(Beginning of Dataset section)

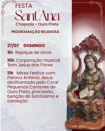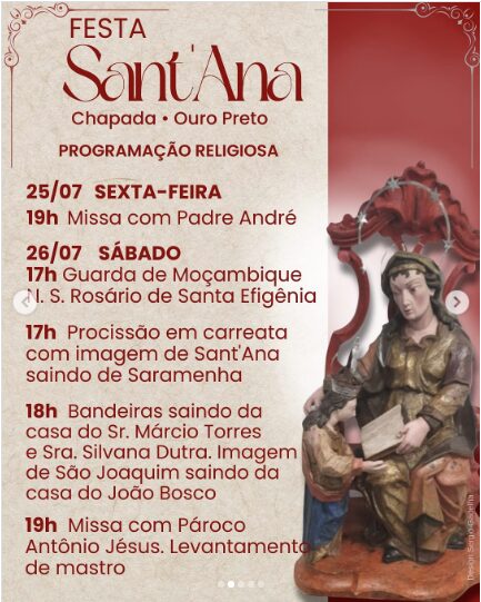 De 25/07/2025 à 27/07/2025 o subdistrit o da Chapada realiza a festa em homenagem à Sant’ana a padroeira da comunidade.
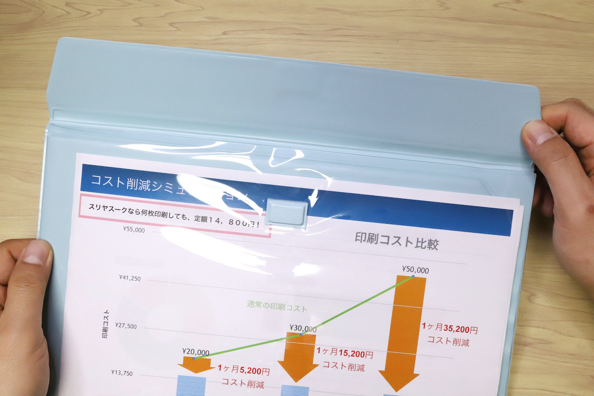 クリアホルダーは書類の出し入れがしやすく便利だけど、「折れる・曲がる可能性がある」「ペラペラすぎてカバンの中で探しづらい」「中身が抜け落ちやすい」……といったネガティブな面がある。逆に言えば、そのあたりを解決できて、かつクリアホルダーライクに使える製品があれば良いのではないか?
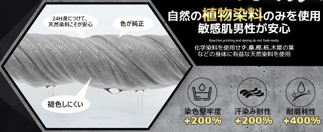 【敏感肌男性が安心】化学染料を使用せず、桑、樫、柿、木犀の葉などの身体に有益な天然の植物性染料のみを使用。カラーは純粋で、色落ちしにくく、化学染料によるアレルギーの心配もない。

(End of Dataset section)

§ Goal of the exercise
Return the whole listing exactly, minus its pictures.

§ Solution to this problem
 De 25/07/2025 à 27/07/2025 o subdistrit o da Chapada realiza a festa em homenagem à Sant’ana a padroeira da comunidade.
 クリアホルダーは書類の出し入れがしやすく便利だけど、「折れる・曲がる可能性がある」「ペラペラすぎてカバンの中で探しづらい」「中身が抜け落ちやすい」……といったネガティブな面がある。逆に言えば、そのあたりを解決できて、かつクリアホルダーライクに使える製品があれば良いのではないか?
 【敏感肌男性が安心】化学染料を使用せず、桑、樫、柿、木犀の葉などの身体に有益な天然の植物性染料のみを使用。カラーは純粋で、色落ちしにくく、化学染料によるアレルギーの心配もない。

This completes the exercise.